Data excerpts:
%%
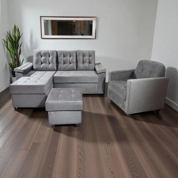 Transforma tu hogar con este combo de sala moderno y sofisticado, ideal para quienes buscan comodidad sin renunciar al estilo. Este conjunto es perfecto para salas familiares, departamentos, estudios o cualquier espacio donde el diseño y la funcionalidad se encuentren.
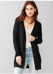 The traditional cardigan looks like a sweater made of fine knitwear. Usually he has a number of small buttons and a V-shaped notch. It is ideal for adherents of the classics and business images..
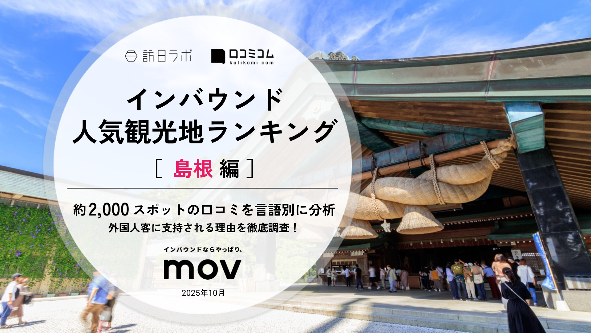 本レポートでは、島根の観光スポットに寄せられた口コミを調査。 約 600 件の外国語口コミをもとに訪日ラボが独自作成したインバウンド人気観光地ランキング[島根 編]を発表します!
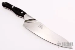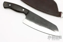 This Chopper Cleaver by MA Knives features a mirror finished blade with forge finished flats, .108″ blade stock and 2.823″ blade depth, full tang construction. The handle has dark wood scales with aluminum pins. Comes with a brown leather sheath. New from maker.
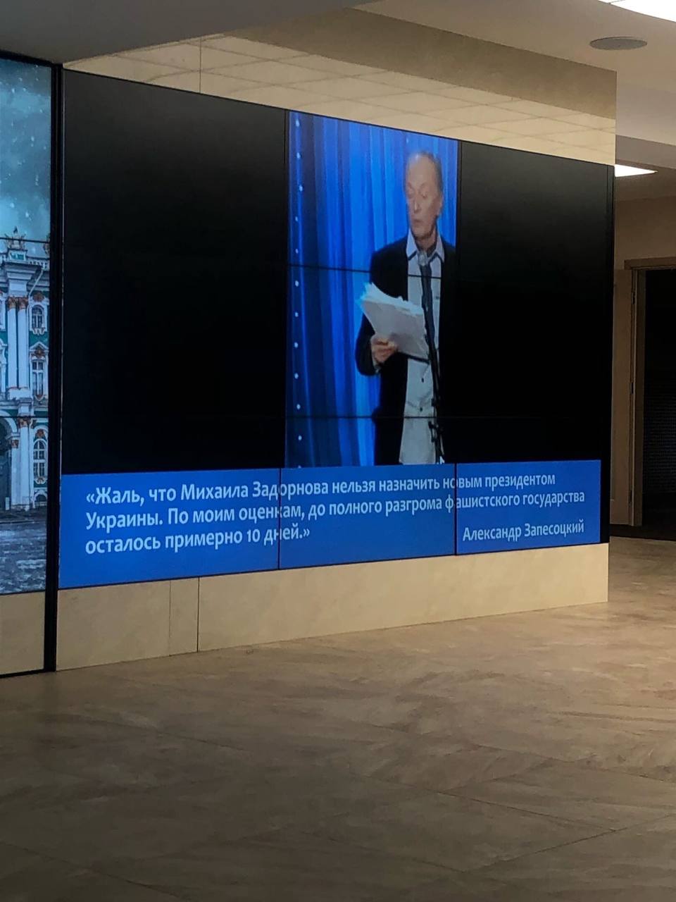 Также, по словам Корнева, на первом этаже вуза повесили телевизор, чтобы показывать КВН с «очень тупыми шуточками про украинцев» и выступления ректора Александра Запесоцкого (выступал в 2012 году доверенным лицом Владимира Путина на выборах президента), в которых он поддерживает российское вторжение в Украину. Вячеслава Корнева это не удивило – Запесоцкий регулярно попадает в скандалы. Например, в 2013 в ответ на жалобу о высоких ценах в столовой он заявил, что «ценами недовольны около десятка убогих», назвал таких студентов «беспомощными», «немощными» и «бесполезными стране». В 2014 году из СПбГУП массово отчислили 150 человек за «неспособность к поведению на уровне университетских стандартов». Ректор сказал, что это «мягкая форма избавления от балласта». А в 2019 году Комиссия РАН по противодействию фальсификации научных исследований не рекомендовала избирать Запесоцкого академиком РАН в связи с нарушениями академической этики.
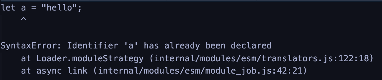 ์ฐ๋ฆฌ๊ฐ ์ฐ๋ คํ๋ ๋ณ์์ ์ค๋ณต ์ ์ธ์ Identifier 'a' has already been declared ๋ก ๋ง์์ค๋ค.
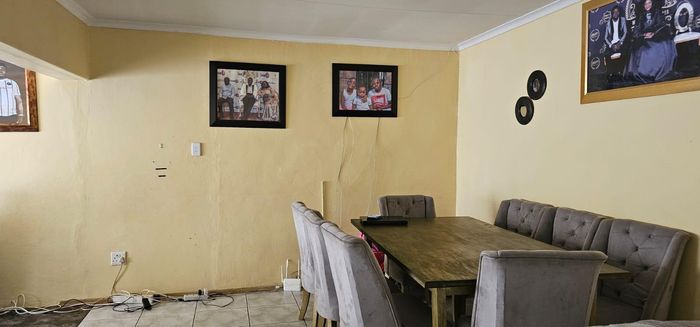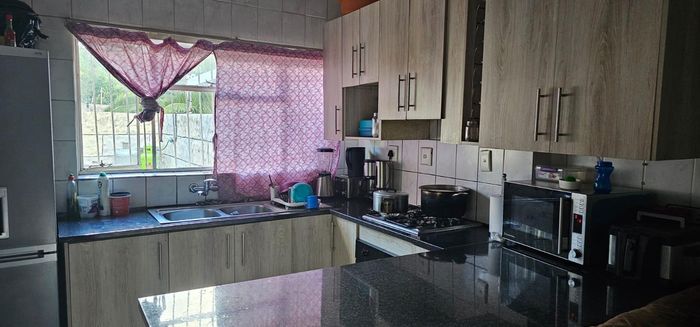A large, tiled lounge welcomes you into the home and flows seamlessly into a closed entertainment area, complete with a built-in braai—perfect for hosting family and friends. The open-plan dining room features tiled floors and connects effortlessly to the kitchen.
%%
Please copy out the entries above exactly as they appear, but skip their images.

- EXERCISE ANSWER -
 Transforma tu hogar con este combo de sala moderno y sofisticado, ideal para quienes buscan comodidad sin renunciar al estilo. Este conjunto es perfecto para salas familiares, departamentos, estudios o cualquier espacio donde el diseño y la funcionalidad se encuentren.
 The traditional cardigan looks like a sweater made of fine knitwear. Usually he has a number of small buttons and a V-shaped notch. It is ideal for adherents of the classics and business images..
 本レポートでは、島根の観光スポットに寄せられた口コミを調査。 約 600 件の外国語口コミをもとに訪日ラボが独自作成したインバウンド人気観光地ランキング[島根 編]を発表します!
 This Chopper Cleaver by MA Knives features a mirror finished blade with forge finished flats, .108″ blade stock and 2.823″ blade depth, full tang construction. The handle has dark wood scales with aluminum pins. Comes with a brown leather sheath. New from maker.
 Также, по словам Корнева, на первом этаже вуза повесили телевизор, чтобы показывать КВН с «очень тупыми шуточками про украинцев» и выступления ректора Александра Запесоцкого (выступал в 2012 году доверенным лицом Владимира Путина на выборах президента), в которых он поддерживает российское вторжение в Украину. Вячеслава Корнева это не удивило – Запесоцкий регулярно попадает в скандалы. Например, в 2013 в ответ на жалобу о высоких ценах в столовой он заявил, что «ценами недовольны около десятка убогих», назвал таких студентов «беспомощными», «немощными» и «бесполезными стране». В 2014 году из СПбГУП массово отчислили 150 человек за «неспособность к поведению на уровне университетских стандартов». Ректор сказал, что это «мягкая форма избавления от балласта». А в 2019 году Комиссия РАН по противодействию фальсификации научных исследований не рекомендовала избирать Запесоцкого академиком РАН в связи с нарушениями академической этики.
 ์ฐ๋ฆฌ๊ฐ ์ฐ๋ คํ๋ ๋ณ์์ ์ค๋ณต ์ ์ธ์ Identifier 'a' has already been declared ๋ก ๋ง์์ค๋ค.
A large, tiled lounge welcomes you into the home and flows seamlessly into a closed entertainment area, complete with a built-in braai—perfect for hosting family and friends. The open-plan dining room features tiled floors and connects effortlessly to the kitchen.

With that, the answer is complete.